The story is told of a young seminarian attending his first theology class when a “fight” broke out. He listened intently as the class of upperclassmen staked out their positions on freewill and predestination. The division was so intense that the groups separated, each to their own corner of the room. The new student weighed the points made, and though he still had many questions, decided that the predestination group was more in line with his views of what Scripture taught, so he walked over and joined them. These veterans of theological debate looked at the novice and asked, “Why did you come to join us?” He answered, “I came of my own freewill.” Immediately they howled, “Then you don’t belong with us—go away and join the other group!” A bit dejected at first, he trudged over to the other group, that quizzed him on arrival, “So, why have you decided to join up with us?” His response was, “I was compelled to come.” They yelled at him and shoved him, “Then you don’t belong with us!” The poor fellow was left standing out in the cold, feeling like he didn’t belong in either camp!
That’s where you may be today in this discussion that has often led to discord and division. You’re not sure about this business of freewill and predestination. Yet, we cannot and should not avoid the subject that is thoroughly biblical. For instance, Paul wrote these words in Romans 8:29-30:
29 For whom He foreknew, He also predestined to be conformed to the image of His Son, that He might be the firstborn among many brethren.
30 Moreover whom He predestined, these He also called; whom He called, these He also justified; and whom He justified, these He also glorified.

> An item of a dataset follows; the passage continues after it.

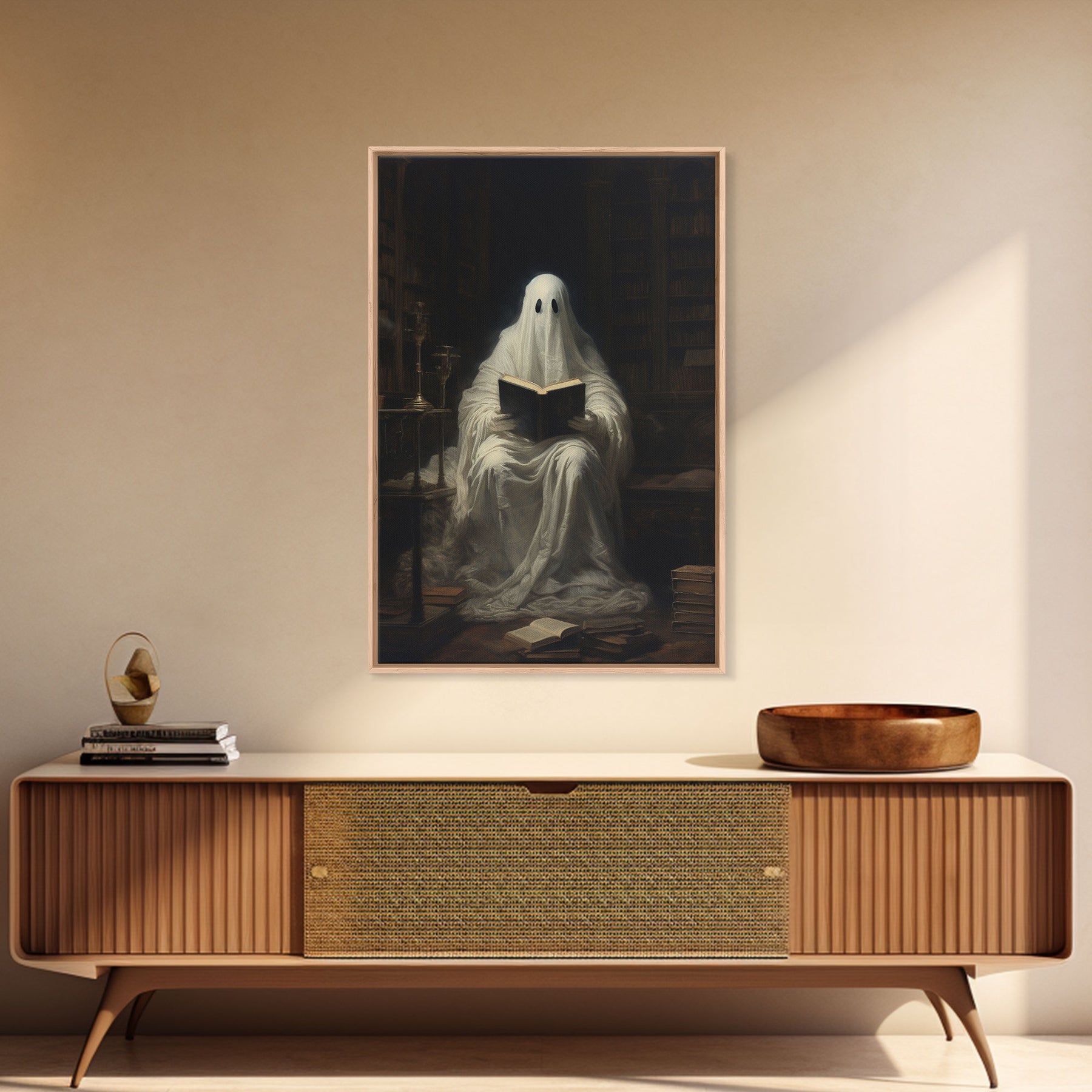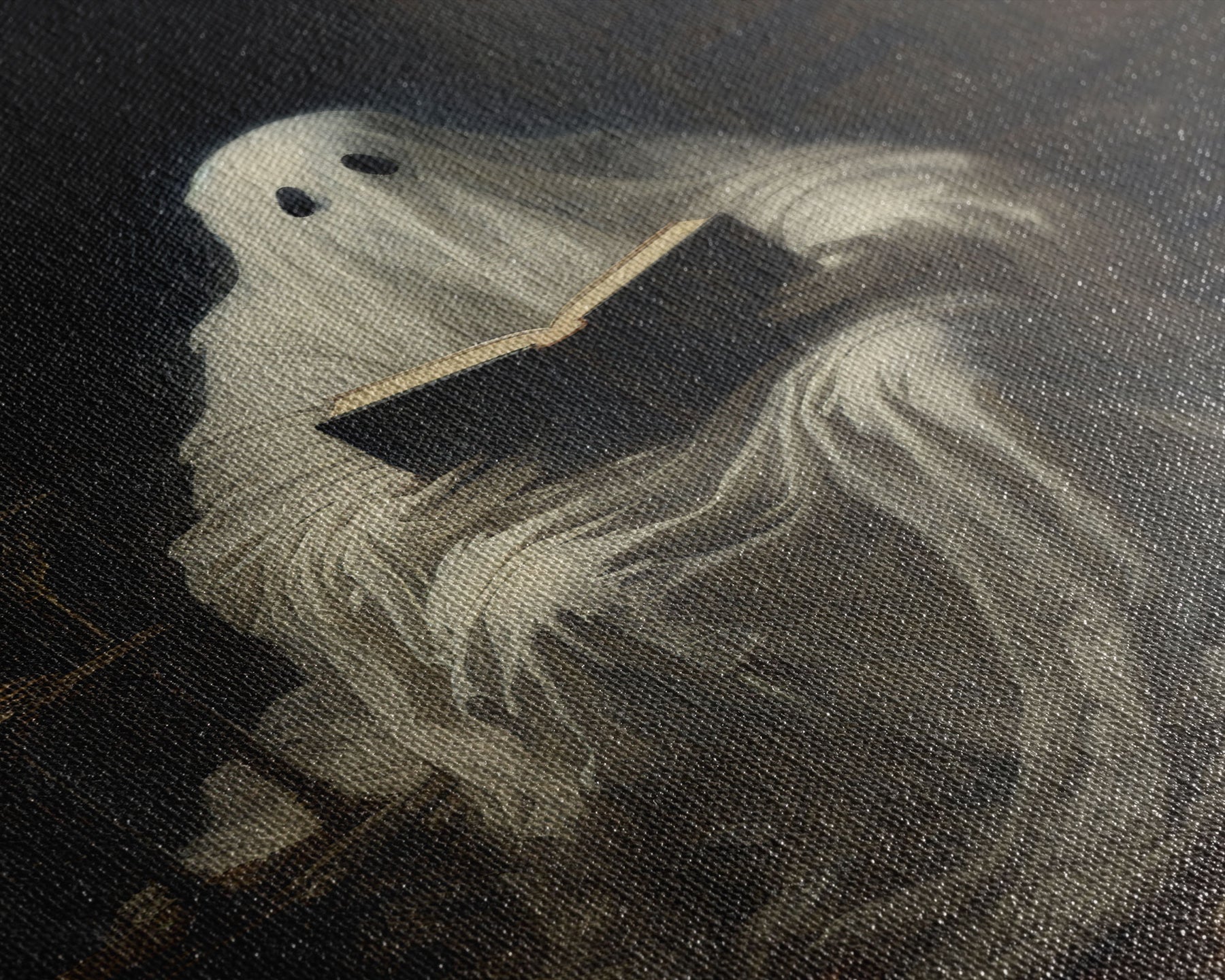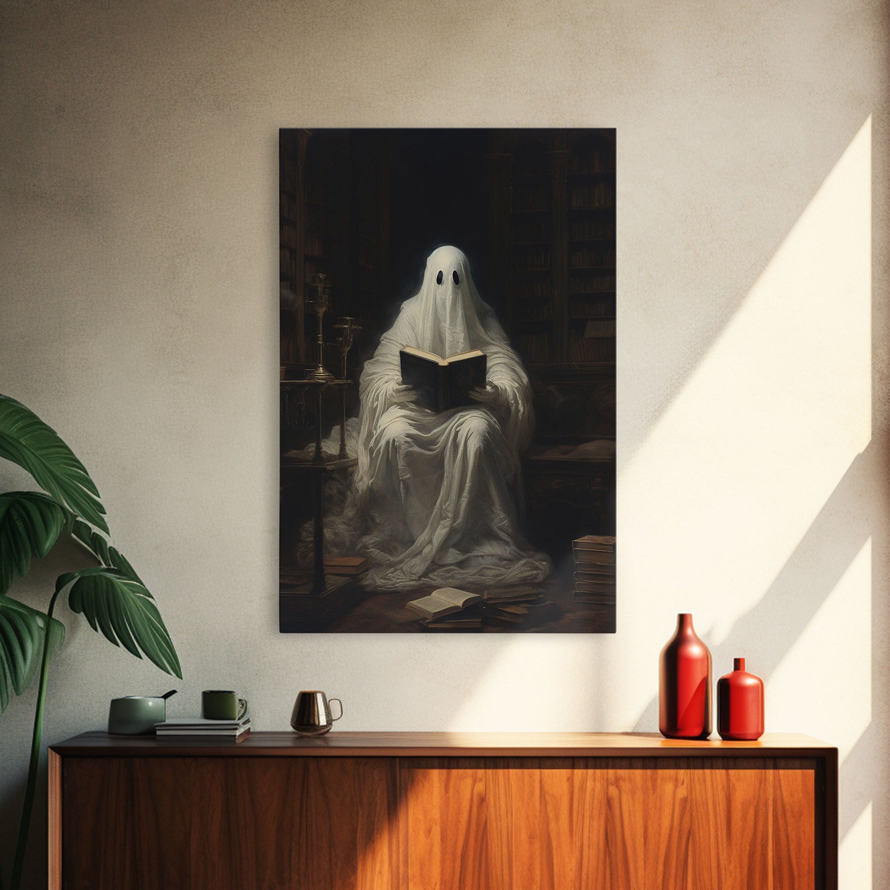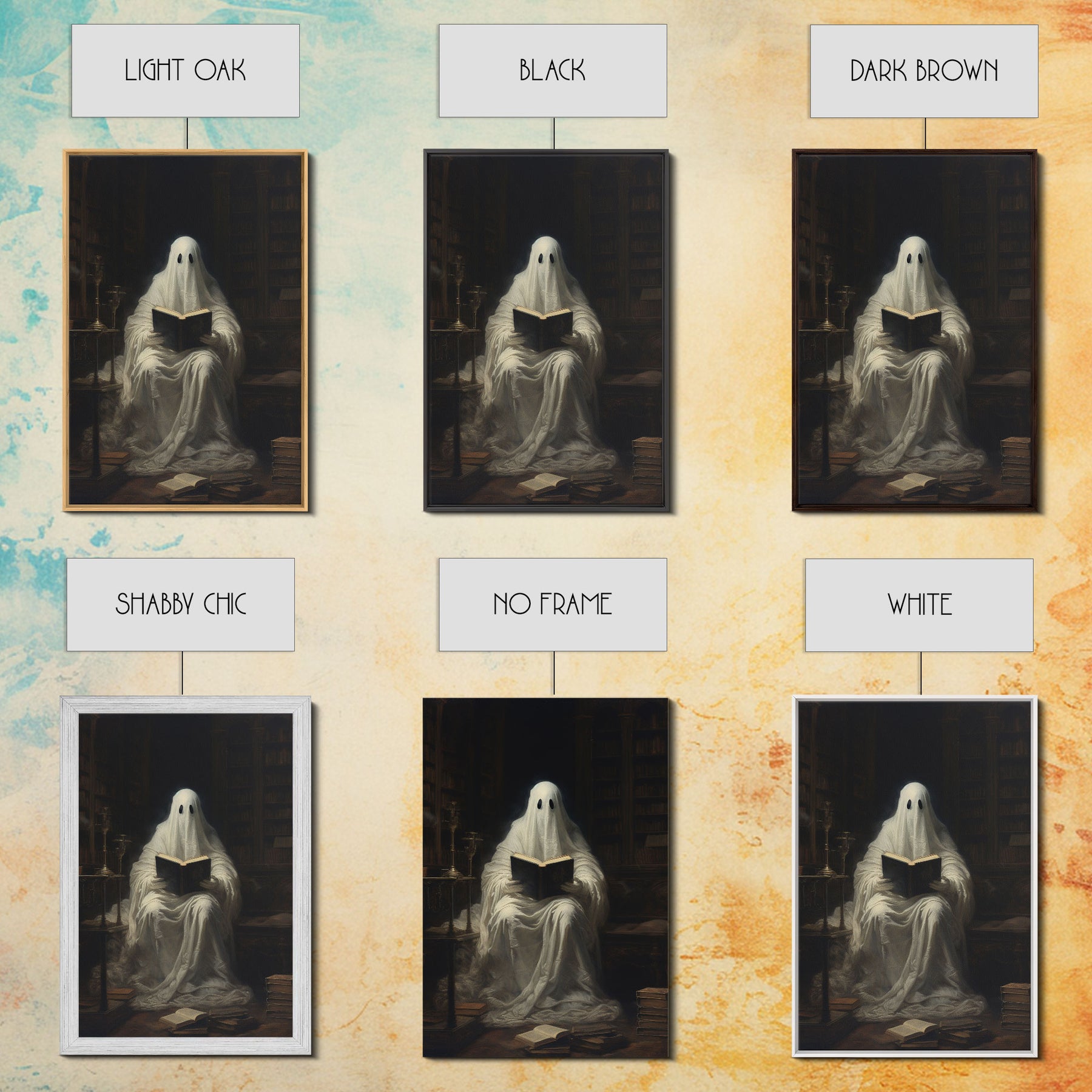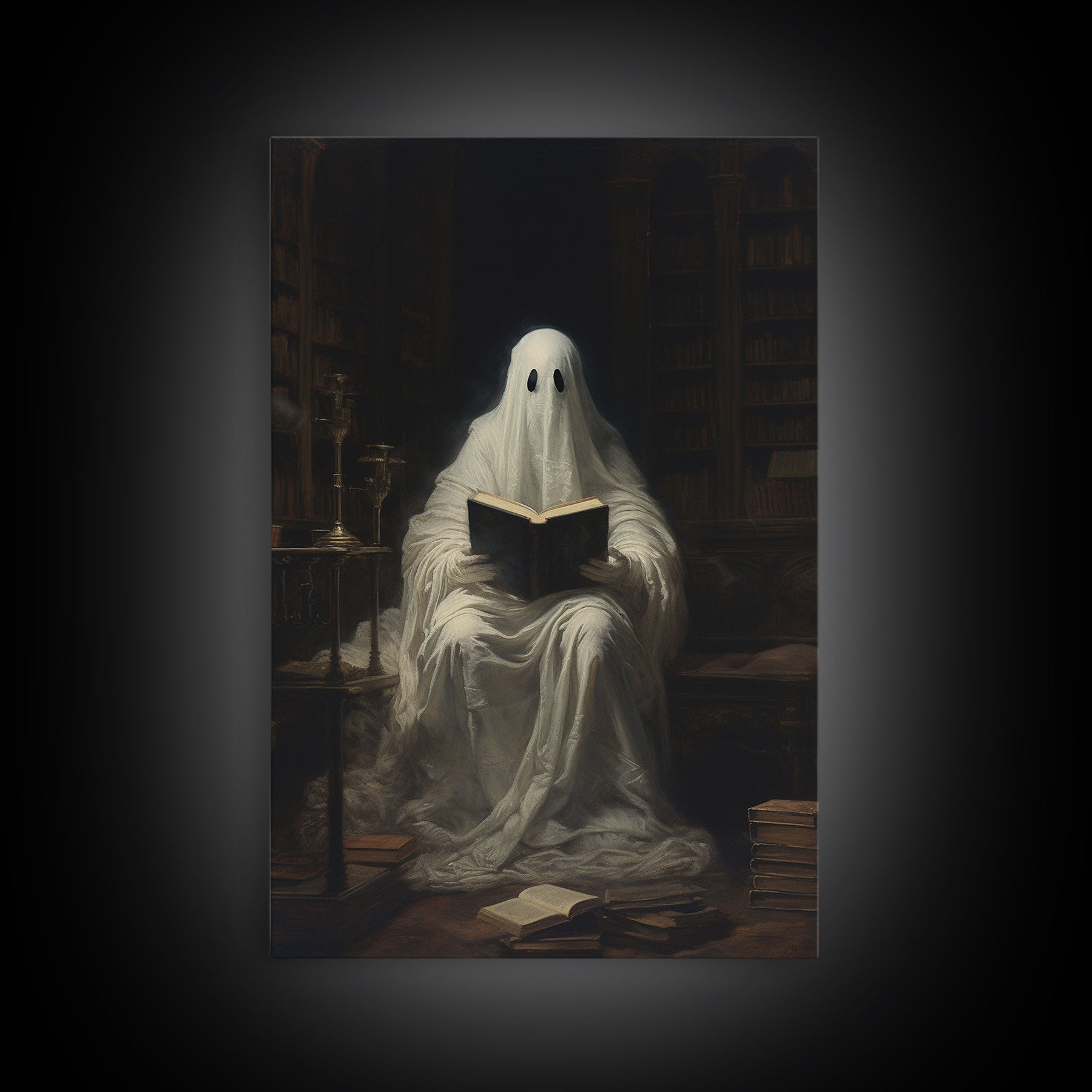 The Reading Ghost, Victorian Halloween Art, Funny Halloween, Framed Canvas, Halloween Canvas Art, Macabre Goth Art

This week we are going to attempt to crack open the door and invite you in from the cold and into the warm light of God’s truth. We will seek to say what God says and try not to say more (nor less) than what He says. Sometimes a subtle danger to the preacher is to attempt to read between the verses and impose his own thoughts on the text or to skip over the difficult verses and focus on those requiring little in the way of controversy. As concerning our salvation, we must affirm Divine sovereignty and on the other hand, human responsibility. Neglecting the former is to make God our servant and man the Lord as God waits for our response before He acts to save us, and to deny the latter is to make those created in His image to be mere puppets manipulated by fatalistic strings. As in most Biblical truth, it is very narrow—a tightrope where we must maintain balance, lest we fall into error. Only with the grace and wisdom of God can we hope to grasp such lofty concepts. Let us pray for the Holy Spirit to guide us into all truth, even as Christ promised.